**Exercise requirements**
In the records below, find the line with "- Material: MDF, sponge, faux", then copy each line exactly until you have copied the line with "เจ้าหน้าที่ให้". Leave any picture out.

**Data shown**
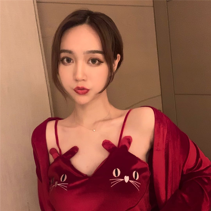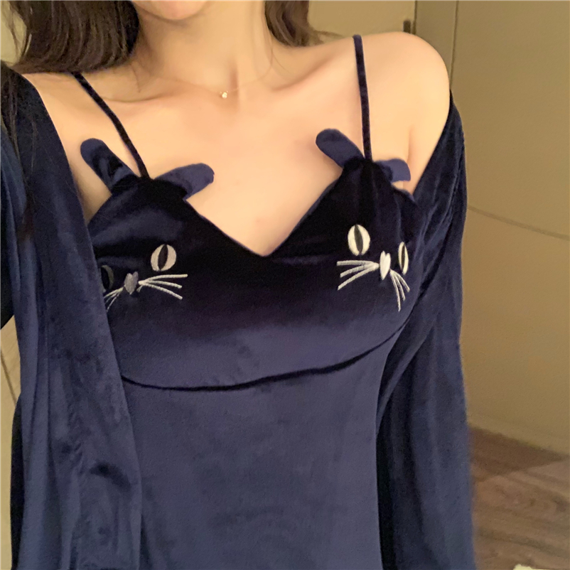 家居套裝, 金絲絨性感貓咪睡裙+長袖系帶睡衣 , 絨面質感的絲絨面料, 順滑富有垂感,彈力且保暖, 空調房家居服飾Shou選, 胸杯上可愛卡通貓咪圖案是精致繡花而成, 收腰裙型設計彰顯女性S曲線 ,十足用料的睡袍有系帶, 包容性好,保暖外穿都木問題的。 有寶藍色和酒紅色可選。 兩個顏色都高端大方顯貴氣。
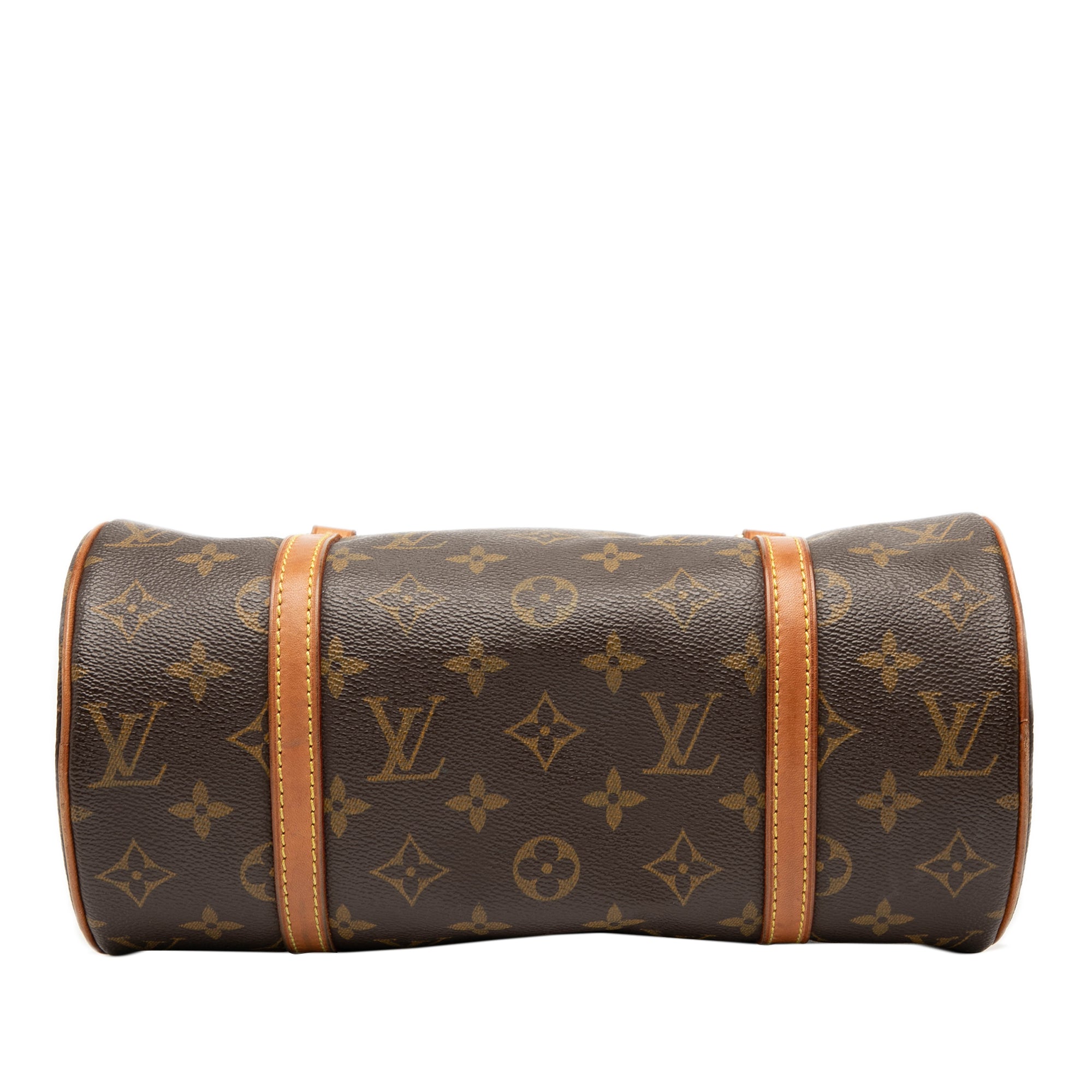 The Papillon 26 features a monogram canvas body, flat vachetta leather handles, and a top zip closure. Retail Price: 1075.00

---

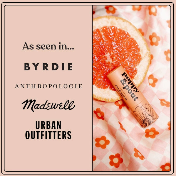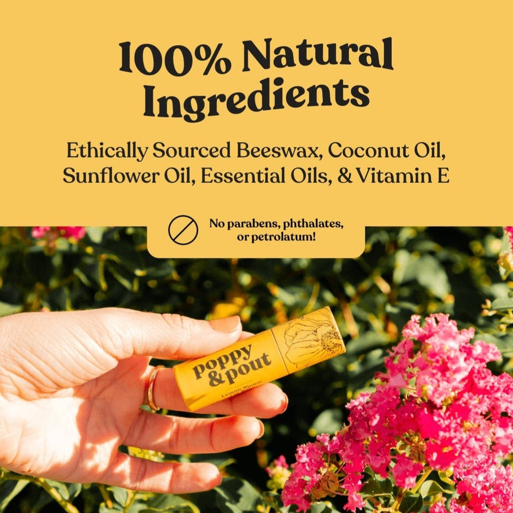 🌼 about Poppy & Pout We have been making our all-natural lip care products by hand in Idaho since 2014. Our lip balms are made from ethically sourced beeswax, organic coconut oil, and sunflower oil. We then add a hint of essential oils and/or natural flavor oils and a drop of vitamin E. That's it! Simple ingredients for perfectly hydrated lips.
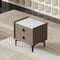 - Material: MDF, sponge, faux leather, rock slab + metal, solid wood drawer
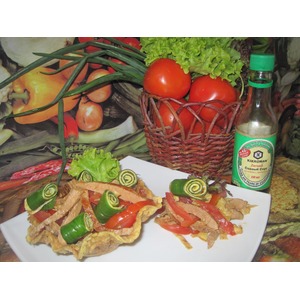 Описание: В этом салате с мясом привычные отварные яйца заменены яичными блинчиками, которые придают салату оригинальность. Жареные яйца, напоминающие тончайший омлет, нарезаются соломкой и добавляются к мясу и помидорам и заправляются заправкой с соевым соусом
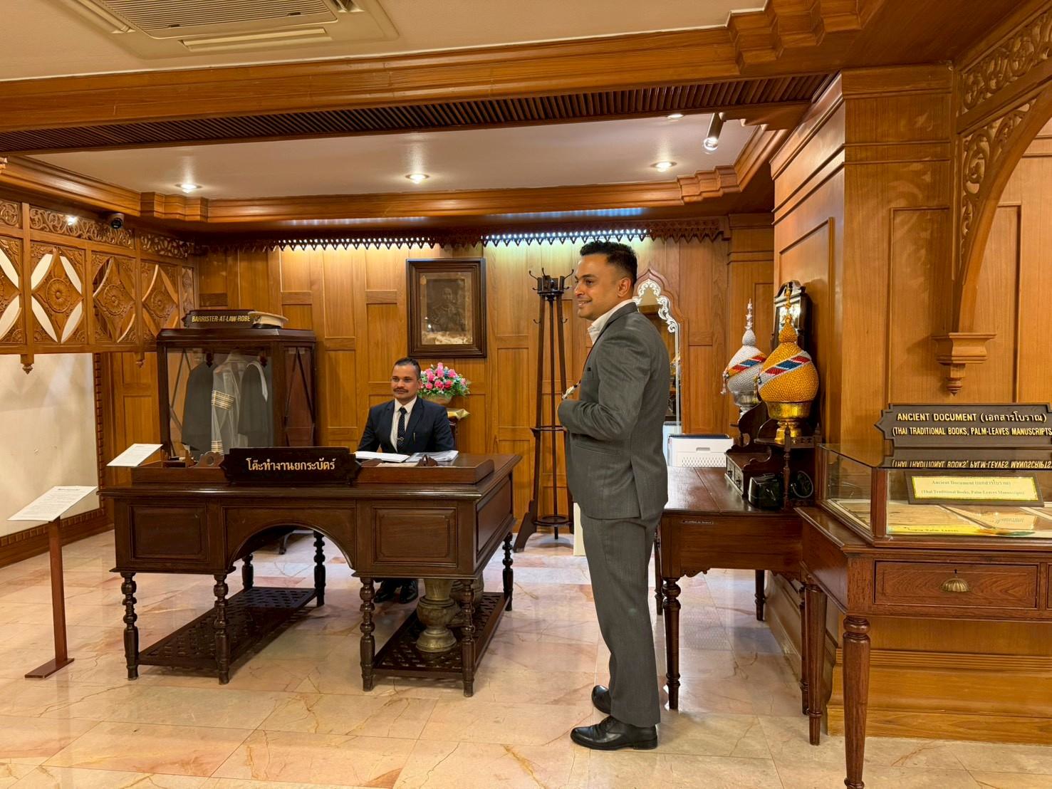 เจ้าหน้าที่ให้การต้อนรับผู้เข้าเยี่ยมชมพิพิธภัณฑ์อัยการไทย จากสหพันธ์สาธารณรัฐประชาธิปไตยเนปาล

**Written reply**
 - Material: MDF, sponge, faux leather, rock slab + metal, solid wood drawer
 Описание: В этом салате с мясом привычные отварные яйца заменены яичными блинчиками, которые придают салату оригинальность. Жареные яйца, напоминающие тончайший омлет, нарезаются соломкой и добавляются к мясу и помидорам и заправляются заправкой с соевым соусом
 เจ้าหน้าที่ให้การต้อนรับผู้เข้าเยี่ยมชมพิพิธภัณฑ์อัยการไทย จากสหพันธ์สาธารณรัฐประชาธิปไตยเนปาล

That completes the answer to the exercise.